As you can tell, it is not really practical carrying this backpack around with me everywhere.  Technology in doctor offices across the country now make it possible for doctors anywhere to see your records, no matter where you are.  But just because they are available does not mean that the doctors will use it.  As a long term cancer survivor, I have learned that I have to advocate for myself.  That means not settling for a doctor blowing me off, because the “symptoms just don’t make sense for someone my age.”

In the event of an emergency, before I even get to an emergency room, I have had to deal with paramedics.  Any paramedic caring for me, needs to know immediately what kind of patient they are dealing with.  Which is why, not just me, but patients with special needs wear these med alert bracelets.

In my case however, my bracelet does not list just one disease.  With more than a dozen different health issues that I deal with, there simply is no room on the bracelet.  So I had to adapt.  I had to use what little space I had available to give as much information.  On the front side of the bracelet, lists my name, that I am a Hodgkin’s Survivor from 1988 as well as a 2x CABG Survivor from 2008.  Immediately under that it says, “see reverse side”.

The first line instructs whoever is reading the bracelet, to immediately pull my wallet out, and locate two miniaturized cards that have all my medical diagnosis on them, and how to treat me prophylactically to prevent infection.  The next line instructs them to call my primary care doctor and her phone number, and my specialist at MSKCC and his phone number.  Any medical personnel following these instructions, increase my chances of survival.

Though I have  yet been able to do so, there are many other survivors who have been able to “save” their medical records on a “zip drive” or CD to give the information to any doctor treating them.  But the other night, while visiting with a friend, I noticed he had a different kind of med alert bracelet on his wrist.

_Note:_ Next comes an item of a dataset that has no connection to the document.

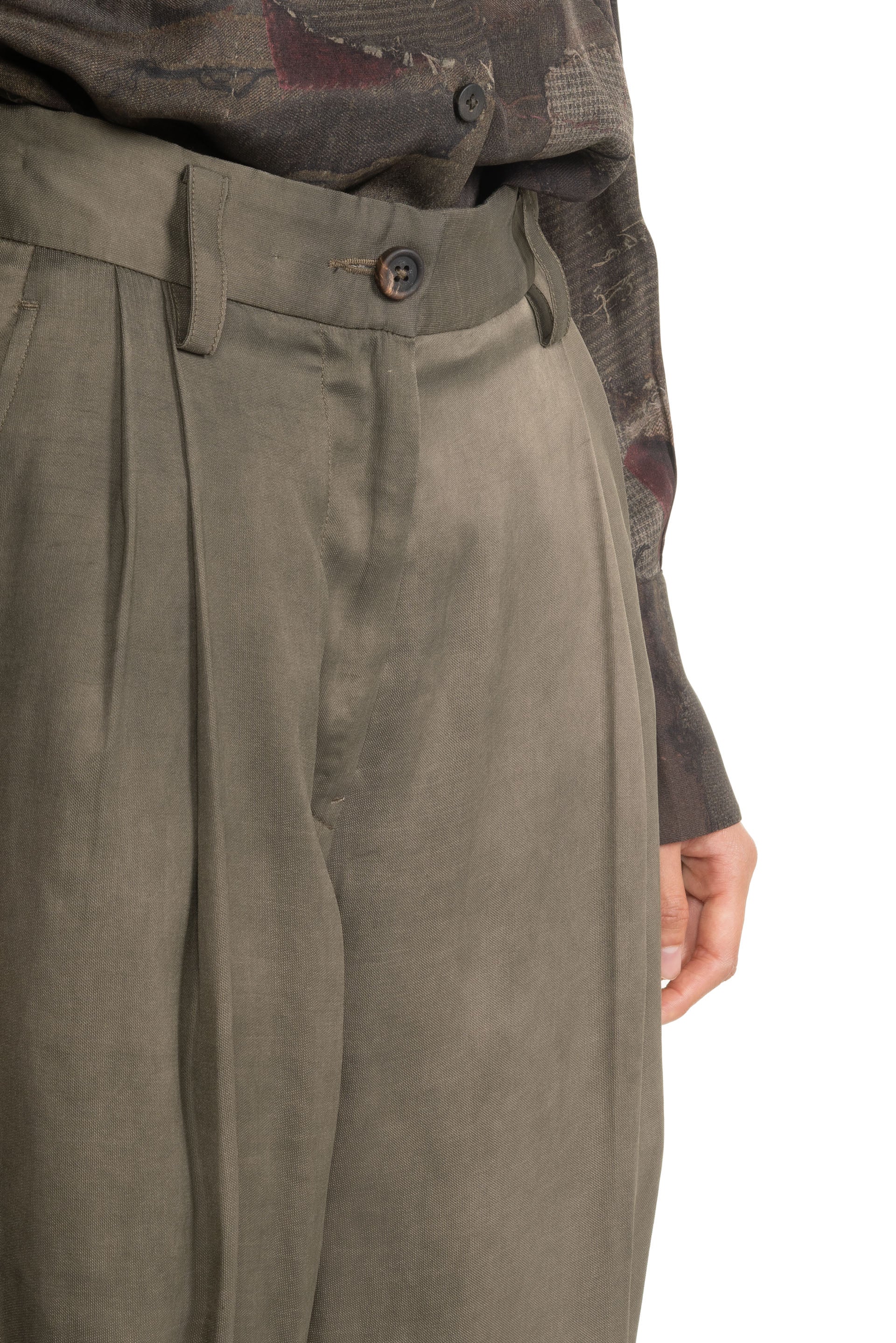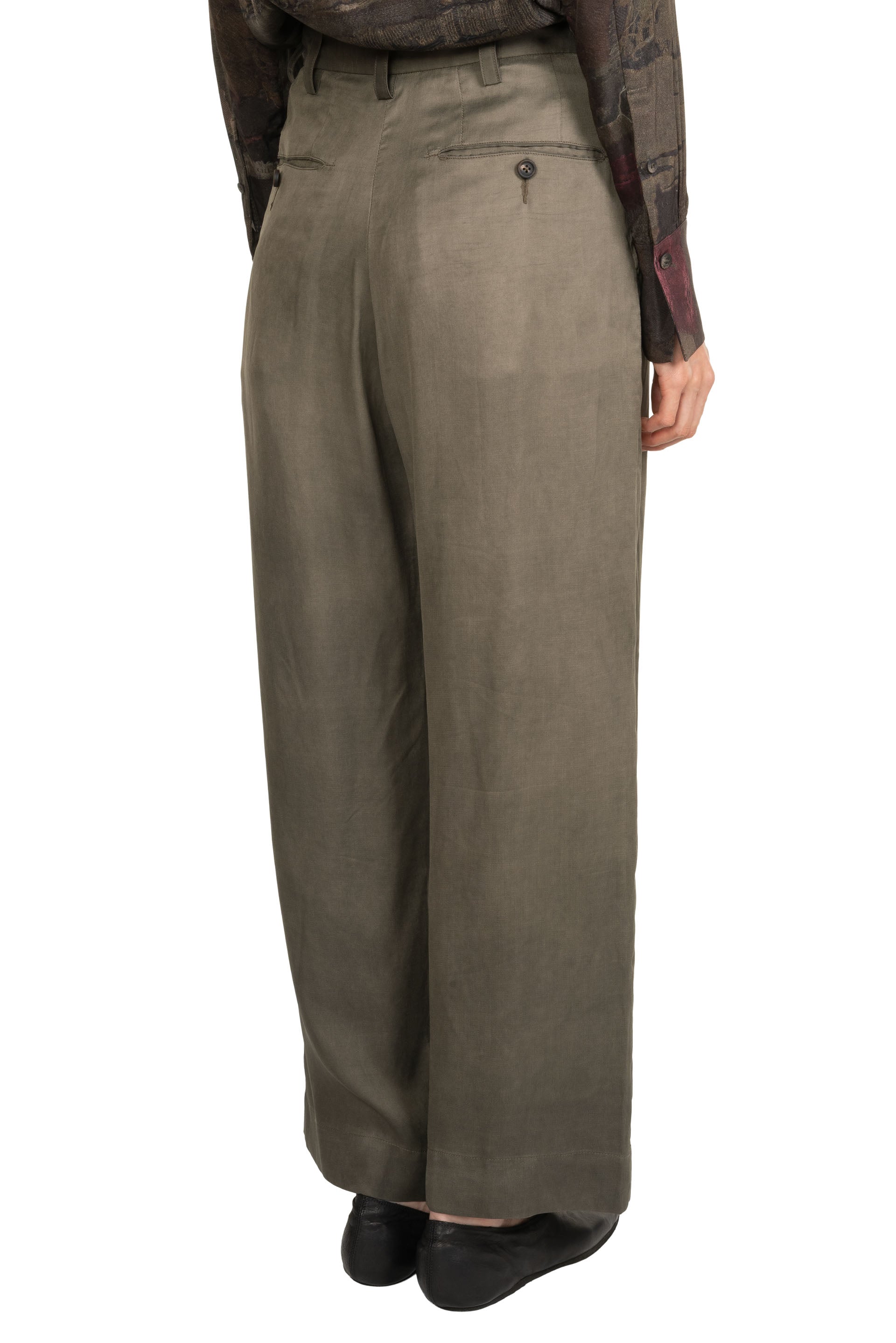 With a color palette of purples, greens, and greys, Ziggy Chen’s designs evoke the textures of aged architecture and the natural world. The garments feel as natural as they look, combining softness with structure. Seamlessly blending Eastern and Western influences, Gnartricate captures the essence of timeless beauty, from fluid silhouettes to intricate patterns. Ziggy Chen continues to redefine the intersection of tradition and modernity in fashion as seen with the Straight Leg Green Trousers.

1469284722250 1469284750225

It took both the alert, and the information, and put them into one item.  Most paramedics now use laptops and by simply plugging in the bracelet (important if a patient is unconscious and cannot alert the paramedic that they have important medical information on a USB drive).  And these are not expensive either.

For my long term cancer survivor friends, for cancer patients going through treatment right now, in fact, anyone dealing with a serious illness or condition, my blog has always been about information, and hope.  I hope you take this introduction of new technology, and take care of yourself.  Having your health history literally at your fingertips, can make all the difference in saving your life.